Hi everyone

  • Hi there everyone. I have tried just about everything else to try and beat this, and have just found this site.
    I am 51 years old, and have been bulimic for about half my life.
    I am about 20lbs overweight, 5'8" and 170lbs - everyone says that I look really good. I play a lot of tennis and walk, am quite active, but I STILL am ruled by how much I eat and how much I weigh.
    Seems to me that by now I should have worked it out, right?! At the moment I am trying hard to eat a healthy breakfast and eat my main meal at lunch, and a small meal in the evening.
    I had had a good week, then Sunday was my birthday, and that threw me off course.
    I have been taking prozac for the last 3 months, and that definitely helps, but sometimes I feel that I am going crazy.
    Is there anyone out there who can relate?
  • Hello and yes I can relate.

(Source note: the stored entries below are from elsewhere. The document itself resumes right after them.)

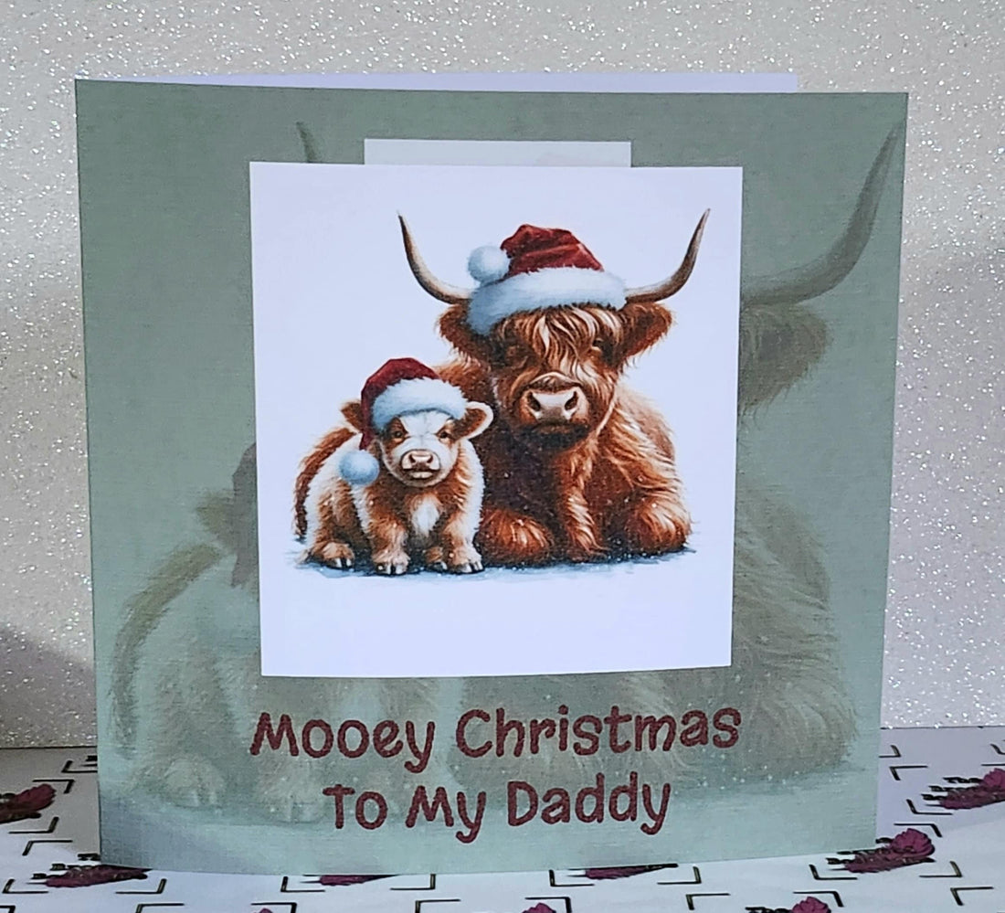 Daddy Highland Cow Christmas Card Highland Coo With Santa Hat And Child Mooey Christmas Handmade Linen Effect Square Card Free Delivery
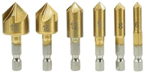 Ez a fa és rétegelt lemez süllyesztőkészlet hat darabot tartalmaz különböző méretekben: 6 mm, 8 mm, 9 mm, 12 mm, 16 mm és 19 mm.
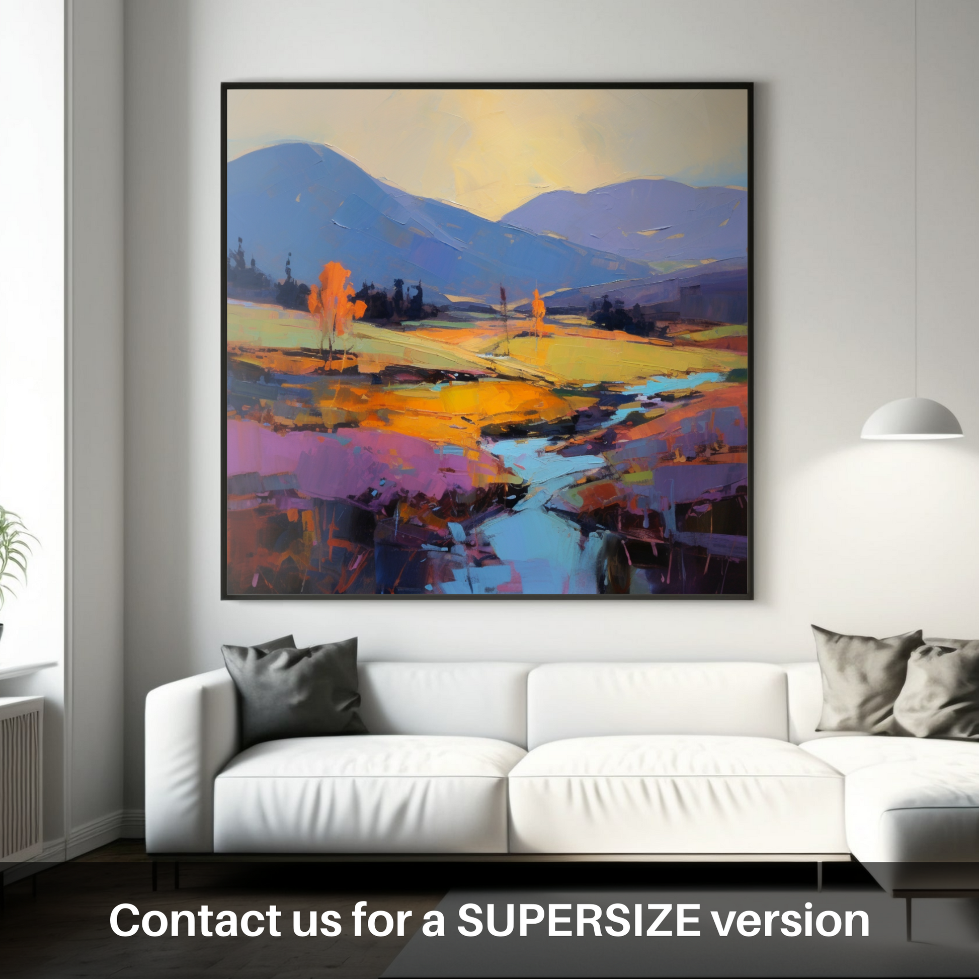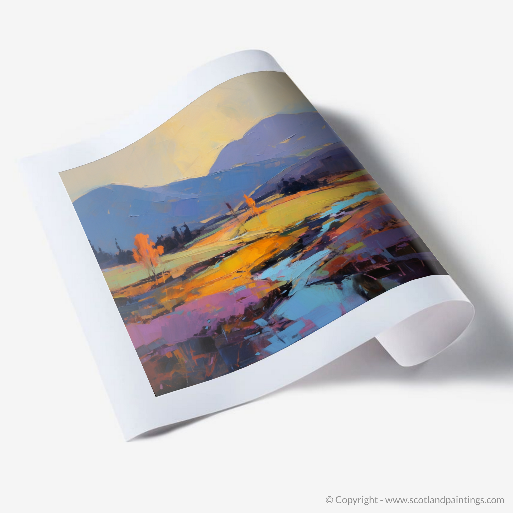 The print, a testament to the expressive power of colour, invites the onlooker to experience a moment of natural splendour frozen in time. Every element, from the lithe tree silhouettes standing tall against the sky's canvas, to the textured daubs that suggest heather-clad hills, is rendered to transport you to this moment of serene grandeur.
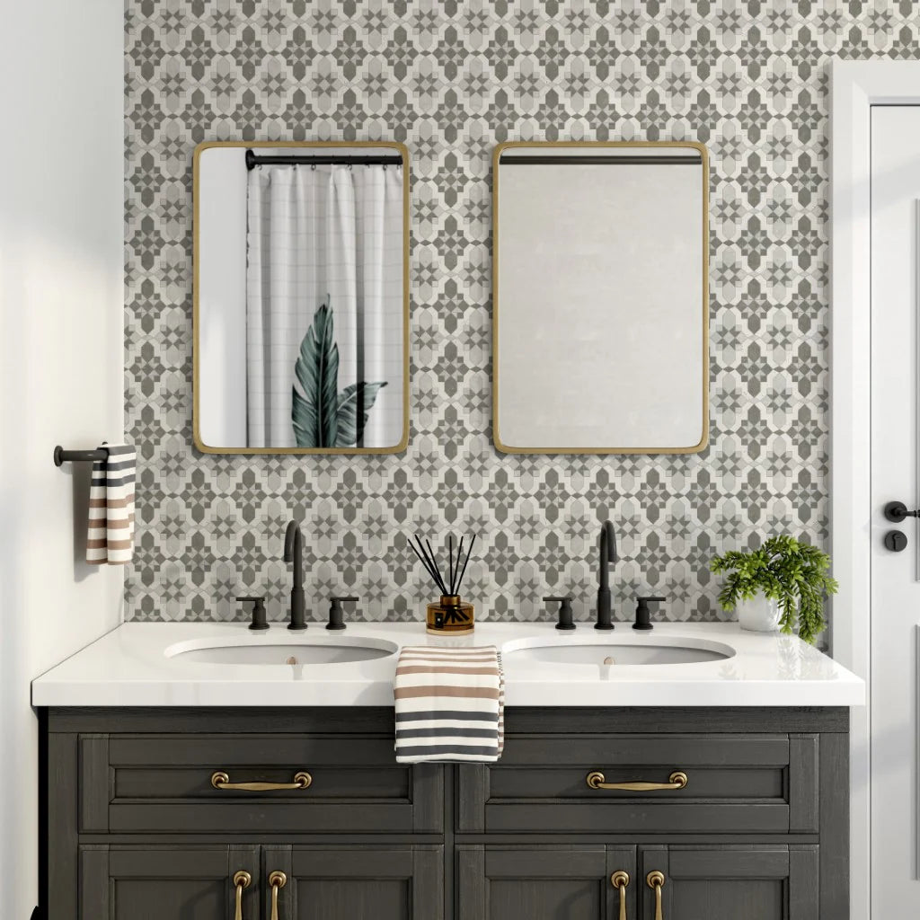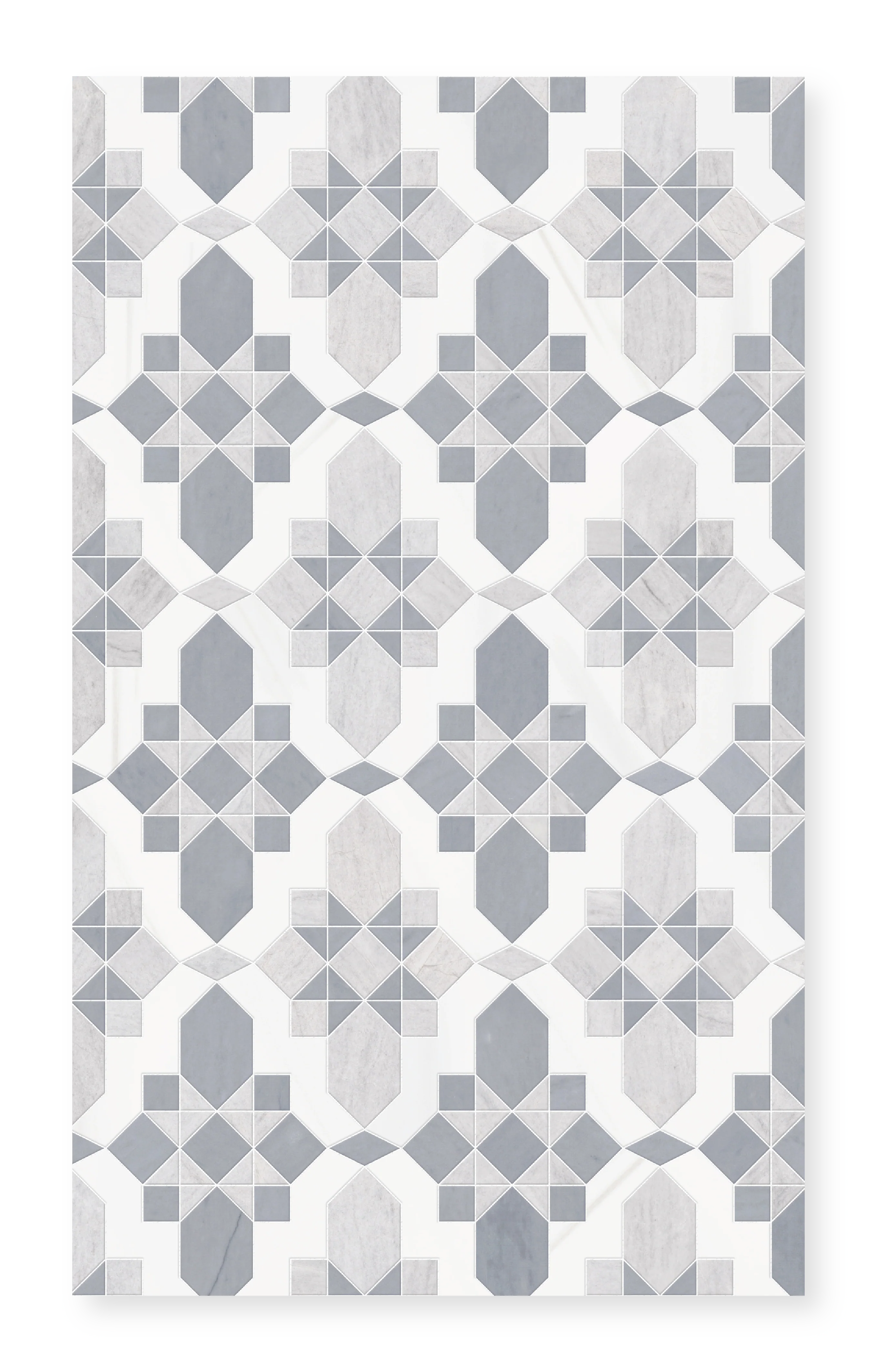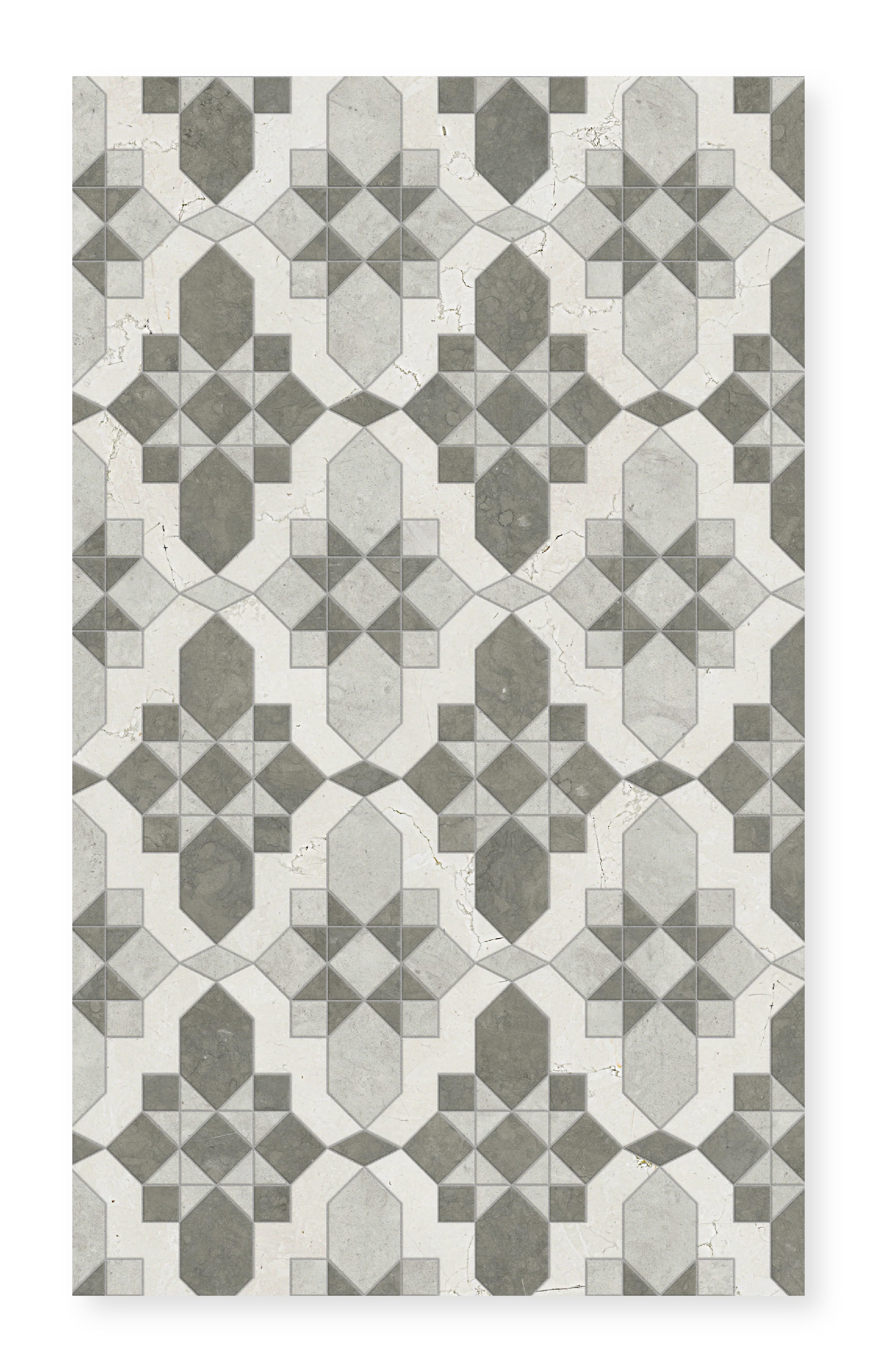 Valencia is a stunning marble mosaic that combines the precision of waterjet technology with the artistry of hand-cutting by specially trained artisans. This elegant design is available in two sophisticated color palettes, each featuring three premium marble varieties in harmonious honed finishes.

I was actively bullimic from the time I was 13 until I was about 26.I am now 39.
    After I quit getting rid of the food however I kept eating and at 5'4 I now weigh 258 pounds. I'm miserable. I decided to log on here in hopes of maybe helping myself.
    I thought that once I turned the corner on binging and purging that my food problem would be a matter of being careful about what and how much I ate. I've learned since that it was what was and is eating me that keeps me eating.I struggle daily with the temptation to purge.I also thought that would deminish with time but it hasn't. I can honestly say that I have never succumbed to the urge to purge, and for that I am greateful and remain hopeful that I will overcome my food addiction.
    I'm sorry if I have answered your post accurately as this is the first time I've ever done this. Keep the faith.